2018 war trotz aller Rückschläge mein fotografisch erfolgreichstes Jahr. Meine Fotos erscheinen in Magazinen, in Schallplatten und CD´s und ich konnte über meinen Shop einiges an Kalendern und Bildern zu den Menschen bringen die meine Kunst zu schätzen wissen. Anfang Dezember habe ich an meiner ersten Gruppenausstellung teilgenommen und hatte gerade ein Interview mit einem Fotomagazin welches Anfang 2019 erscheinen wird.
Auch wenn der Sommer dornig,lang, und trocken war, ich bin wieder ein ganzes Stück gewachsen und lerne immer noch dazu. Ja, ich lerne gerade tatsächlich gut zu mir zu sein und meine Erfolge auch anzunehmen.

Jetzt ist das hier doch irgendwie ein Jahresrückblick geworden – kommt gut rüber!

Mein 2016

Die Zeit „zwischen den Jahren“ ist ja auch irgendwie immer die Zeit in der man sich seinen in den Feiertagen angefressenen Bauch betrachtet, kurz innehält und dann zurückblickt. In Zeiten wie diesen in denen Fitnesstracker unseren Herzschlag aufzeichnen und sogar intelligente Kloschüsseln unseren Urin analysieren und zahllose Apps uns einordnen und bewerten , ist man als Kunstschaffender wie ich der seine Fotos in die sozialen Netzwerke hochläd natürlich auch dabei – man kann sich nicht wirklich aus der ganzen Sache rausziehen – irgendwann geht der Blick immer auf  die Zahlen und man ordnet sich unweigerlich ein – Bin ich gut genug? Und wenn ja – wie gut bin ich? Warum haben die anderen mehr Erfolg? 

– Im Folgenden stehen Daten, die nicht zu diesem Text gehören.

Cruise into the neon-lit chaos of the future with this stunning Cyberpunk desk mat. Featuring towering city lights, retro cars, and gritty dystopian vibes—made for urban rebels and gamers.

Wenn ich mir so meine Statistiken für 2016 ansehe, dann kann ich mich eigentlich bequem zurücklehnen – aber das ist mir zu wenig. Am Anfang meiner Social-Media Laufbahn vor etwa 6 Jahren hatte ich ständig Likes,Klicks und Kommentare im Blick und war reelmässig geradezu frustriert wenn meine neusten Werke nicht die Aufmerksamkeit bekommen haben die sie meiner Meinung nach verdient hatten. „Hey Sebastian – stell doch mal ne nackte Frau in eine Fabrikruine – das gibt viele Likes!“ – hat mir tatsächlich mal jemand geraten. Die Frage ist, machen mich viele Likes und Klicks zu einem glücklicheren Menschen? Natürlich lebe ich als Künstler auch vom Lob und Bewertung, aber lässt sich Erfolg an Statistiken festmachen?

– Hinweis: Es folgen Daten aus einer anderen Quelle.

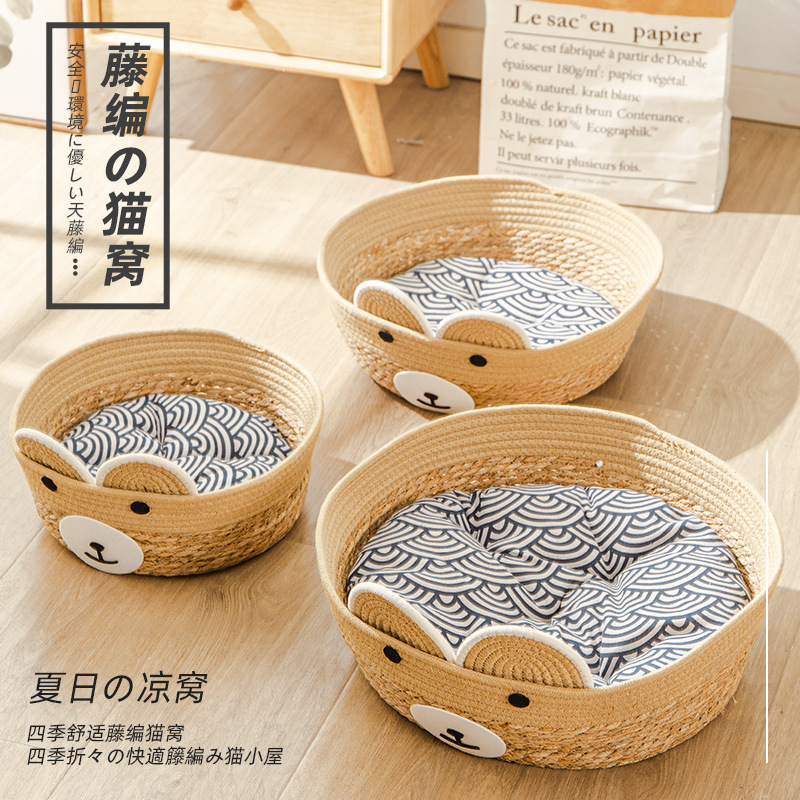 등나무 고양이 둥지 애완 동물 고양이 겨울 따뜻한 잡아 보드 둥지 짚 사육장 사계절 유니버설 통기성 매트 야외 제품
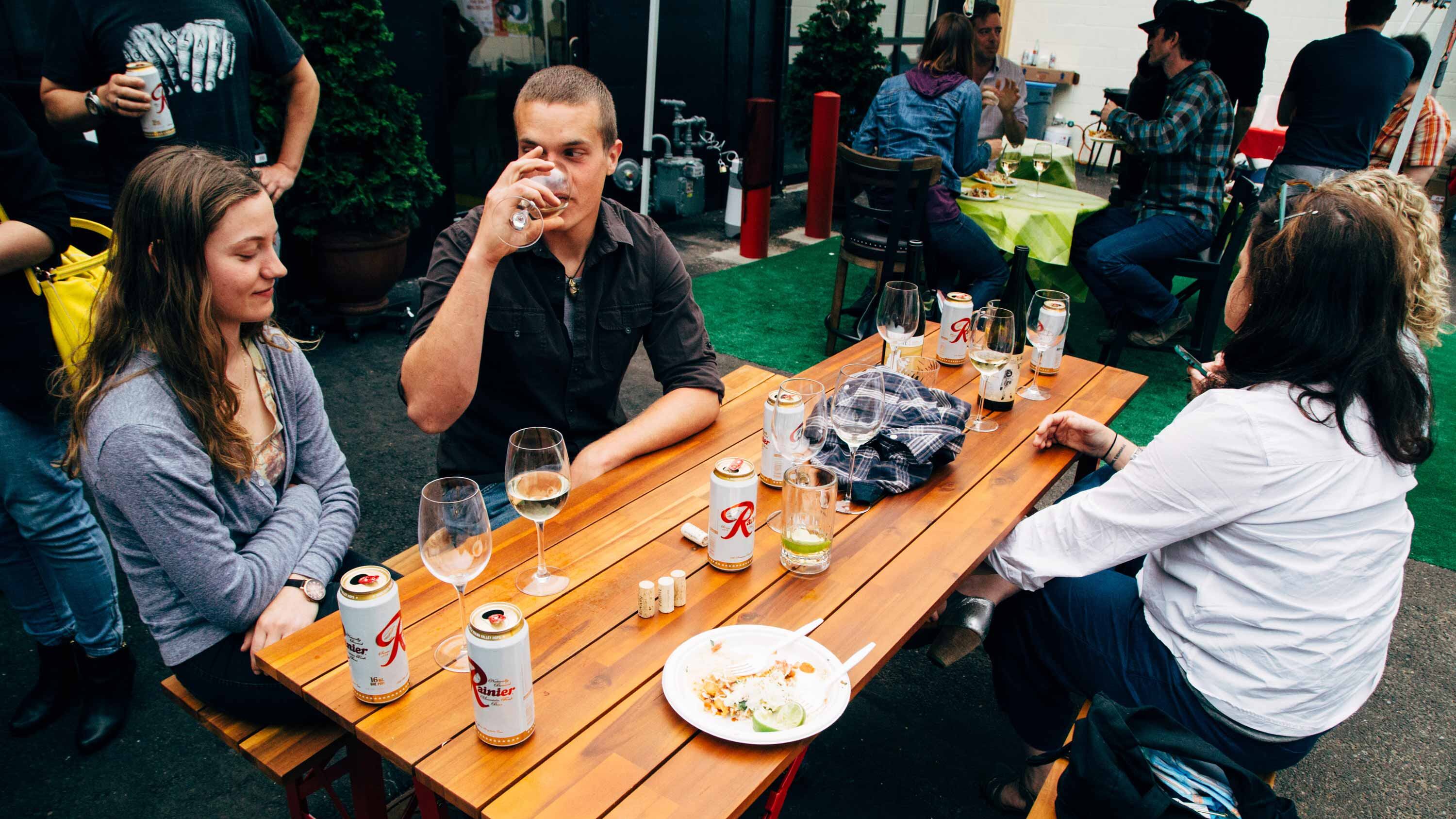 Teutonic (3303 SE 20th Ave., 503-235-5053, teutonicwines.com, 12pm-9pm Mon.-Sat., 1-7pm Sun.) may be the raddest wine bar in Portland. The urban winery is the home of local metal band Red Fang’s wine, and co-owner Barnaby Tuttle himself is a metal head reluctantly turned winemaker. The bar serves offbeat creations, like a savory, yeasty riesling called Candied Mushroom, and if wine isn’t your thing, the bar also serves Rainier tallboys. The patio is small—just a handful of round tables underneath a canopy out front—but it’s still a lovely spot to sip one of Teutonic’s minerally wines. Plus, it’s usually empty during the bar’s frequent shows, and while the venue books stellar up-and-coming local jazz bands, the open-air space is ideal if you’re looking for a more intimate setting that doesn’t require talking over the sound of a blaring trumpet.
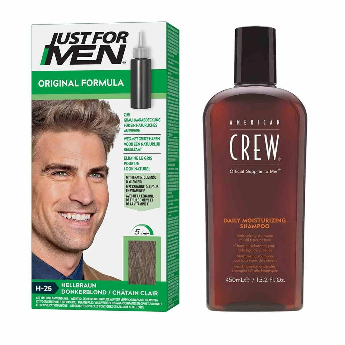 Le PACK COLORATION CHEVEUX & SHAMPOING vous propose une coloration cheveux homme Just For Men châtain clair et un shampoing DAILY MOISTURIZING SHAMPOO 250ML de la marque AMERICAN CREW pour des cheveux colorés et nourris !
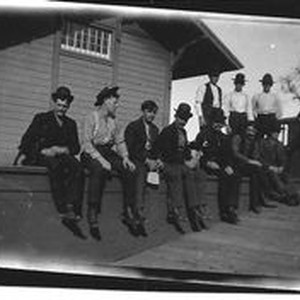 Photo--black and white: Railroad workers on train station platform in Forestville.
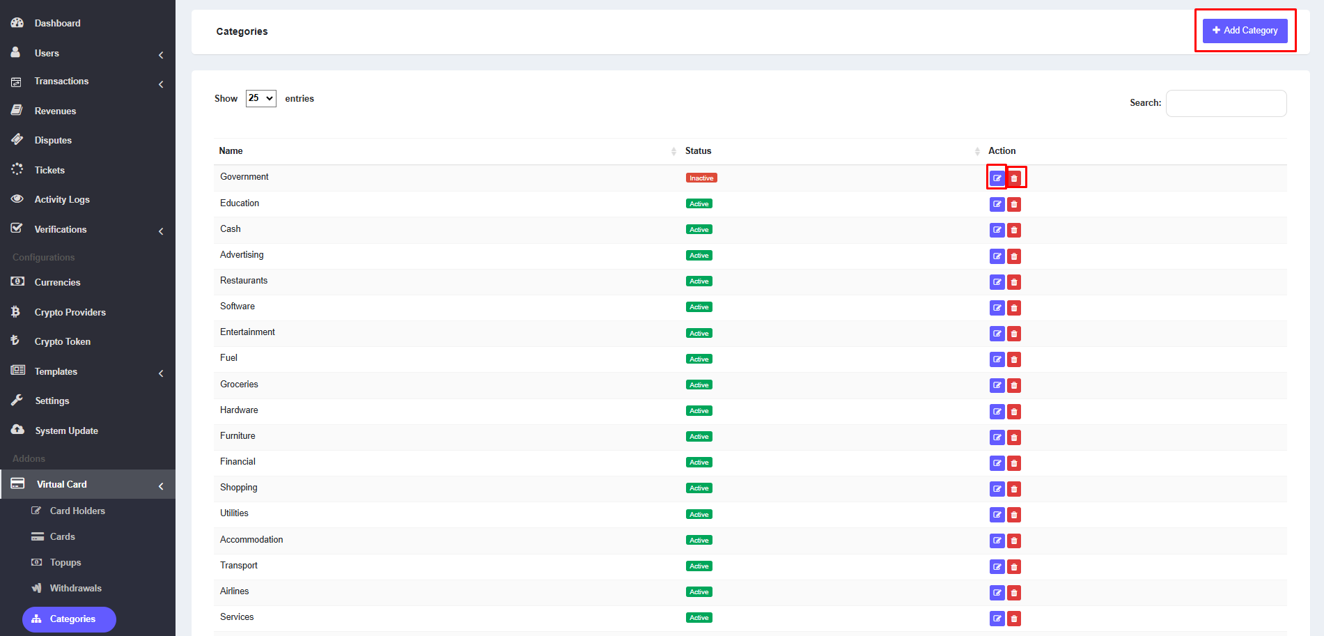 1. The admin can view the list of categories from the admin panel. To access the list, navigate to Virtual Card >> Categories. Here, the admin can see the list of all virtual card categories. Each row includes an edit icon and an delete icon. Click the edit icon to edit the specific category, or click the delete icon to delete a category.
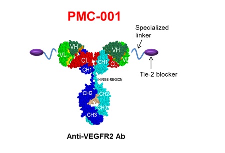 신생혈관형성에 관여하는 인자는 VEGF외에도 PlGF, Angiopoetin, PDGF, HGF, FGF, VE-cadherin등 많은 인자가 관여할 수 있다. 일반적으로 VEGF-A에 대한 항체인 Avastin을 treat하는 경우 초기에는 항암효과가 현저히 나타나다가 반복되는 treatment에 의하여 Avastin에 대하여 내성이 나타나는 것으로 알려져 있다. 이 경우에 종양은 VEGF-A외에 FGF등과 같은 다른 신생혈관형성 인자에 의해 유도될 수 있다. 이러한 아바스틴 내성에 대한 극복과 신생혈관형성 억제능을 향상 시키고자 ㈜파멥신에서는 VEGF/KDR 신호와 Angiopoietin-Tie2 신호를 동시에 억제할 수 있는 IgG format의 이중표적억제제를 개발하였다. Angiopoietin-2는 VEGF와 유사하게 신생혈관형성의 초기에 혈관세포의 migration등에 관여하는 것으로 알려져 있으며 현재 Amgen이나 Regeneron등에서 Angiopoietin-2를 표적으로 항암제 또는 안과질환 치료제로 개발하고 있다. Angiopoietin-1은 신생혈관의 형성의 마지막 단계인 Pericyte recruitment등과 같이 vessel stabilization 또는 vessel maturation에 관여하는 것으로 알려져 있다. 이들 Angiopoietin의 수용체가 Tie-2이며, Angiopoietin의 활성은 multimer 상태에서 최적의 활성을 나타낸다고 알려져 있다. PMC-001은 KDR(VEGFR-2)와 Tie-2에 결합하는 IgG format의 이중표적 항체이다.

2016 bin ich an einem Punkt in meinem Leben (als Fotograf) angelangt, an dem ich festgestellt habe wie unwichtig und unbedeutend diese Algorithmen für mich sind. Ich habe Bilder erschaffen die gemessen an nackten Zahlen eher erfolglos waren, aber für mich einen nicht messbaren emotionalen Wert hatten ,wie z.B das Foto das ich von meinen Freunden bei ihrer Hochzeit gemacht habe.

 

Oder das Bild aus meiner „Gaia“ Serie – als ich vom Baum stieg, von dem ich das Foto aus gemacht hatte, beschlich mich plötzlich das Gefühl gerade etwas besonderes erschaffen zu haben – dieses Gefühl ist ewas ganz einmaliges, eine Erkenntnis die mich wie ein Blitz durchzuckt und mich laut anschreit „Geiles Foto – haste gut gemacht“. Ich kann von wirklich jedem Bild das ich 2016 gemacht habe behaupten das es genauso geworden ist wie ich es mir vorgestellt habe – ja, manchmal sogar noch besser – das ist für mich mehr wert als alles andere. Klingt jetzt nicht so schlecht oder? Kommt gut ins neue Jahr!